Ook de kinderen en jongeren van De Brem woonden een try-out van Inuk bij. Ze reageerden heel positief. “Het is mooi om de jongeren te zien evolueren”, zegt Martine Decroos. “Van argwaan – wat komen zij hier doen? – tot nieuwsgierigheid en enthousiasme bij de try-out – we willen nog eens komen. Dat is natuurlijk onze opzet. Achteraf stelden de kinderen ons ook veel vragen. Tijdens de try-out hebben we vaak herhaald dat wat ze zien niet echt is, maar toneel. Dat toont aan dat het bij hen leeft en hen raakt. Het komt wel binnen. De kinderen hebben heel goed door dat het gaat over mensen die alleen zijn, elkaar opzoeken en vrienden nodig hebben. Net als zij.”
Privacy
Ook de begeleiders van De Brem zijn tevreden over het initiatief. “De voorstelling geeft een beeld van hoe kinderen zonder echte thuis zich voelen in voorzieningen. Voor de jongeren is het fijn te zien dat mensen geïnteresseerd zijn. Dat de jongeren in contact komen met kunst en cultuur is ook positief,” zegt begeleidster Lies. Hoe enthousiast de kinderen ook zijn, de begeleiders en de directeur van De Brem waakten tijdens de voorbereidingen en de repetities voortdurend over de privacy van de kinderen. “Ergens is De Brem hun thuis. Wanneer er nieuwe mensen komen, moeten ze daarvan op de hoogte zijn. Op het terrein zijn we dus heel voorzichtig. We zorgen ervoor dat De Brem voor hen een veilige situatie blijft,” legt Lies uit.

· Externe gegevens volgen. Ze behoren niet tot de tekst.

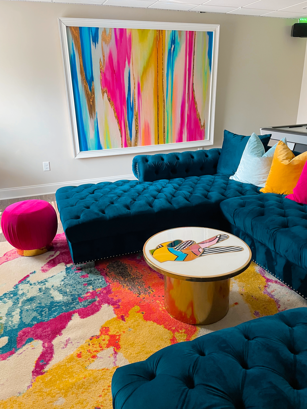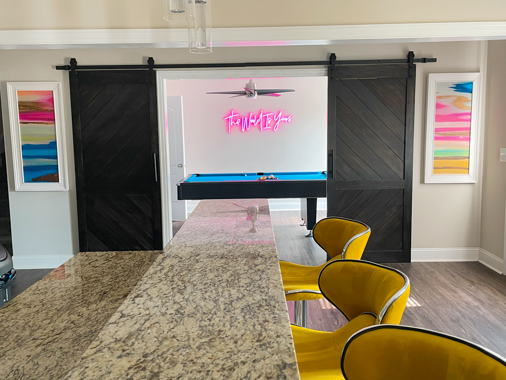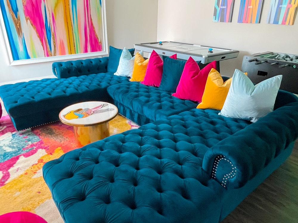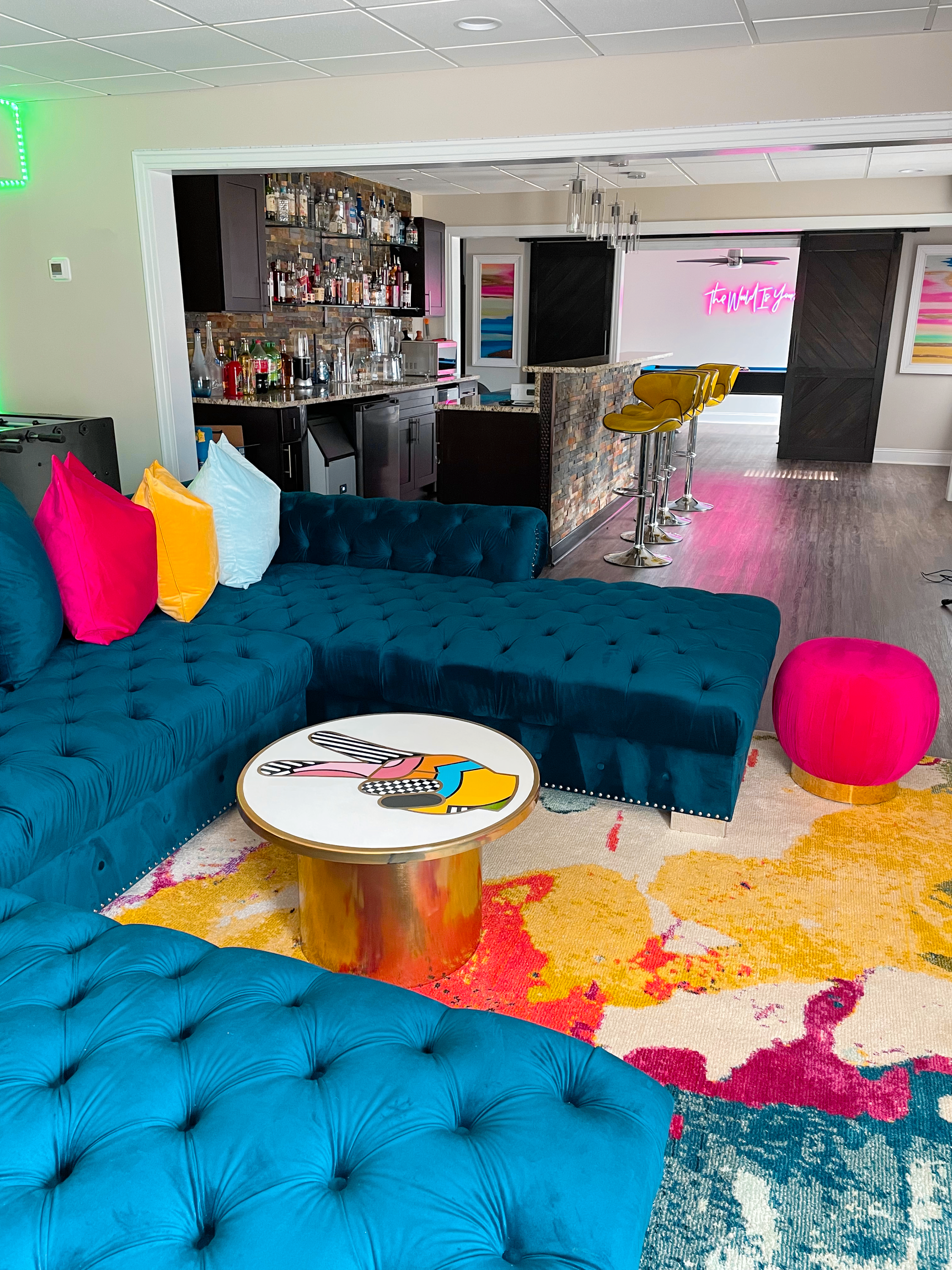 Designed for energy, creativity, and fun, this basement was transformed into the ultimate hangout for Mama & Kenn. A bold color palette of teal, hot pink, yellow, and turquoise brought the space to life, paired with modern textures and sleek finishes. Custom artwork, neon signage, and luxe tufted seating created a dynamic, Instagram-worthy backdrop, while the game tables and bar area kept it functional for endless entertainment. This design perfectly balances playful personality with polished style — ideal for a family making their mark on TikTok.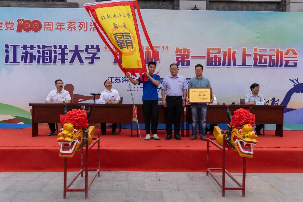 校党委书记王自力为龙舟争霸赛一等奖获奖单位颁奖并授予“霸主旗”

“Het is inderdaad zoeken naar een evenwicht tussen het creatieve proces en de privacy van de kinderen”, voegt Sylvie Declercq er aan toe. “De begeleiders en ik hebben het niet over bepaalde dossiers of verhalen gehad. De jongeren vertelden wat ze zelf wilden. De jongste kinderen maakten tekeningen over wat het betekent om niet thuis te wonen, wat ze missen.” Studio Orka gebruikte deze verhalen ook niet letterlijk. “De antwoorden lagen wel in de lijn van onze verwachtingen”, zegt Martine Decroos. “Door veel te improviseren ontwikkelden we personages die zowel een link hebben met de asielcentra als met de bijzondere jeugdzorg. Met als resultaat deze voorstelling over kinderen die op een plek moeten leven waar ze niet zelf voor gekozen hebben.”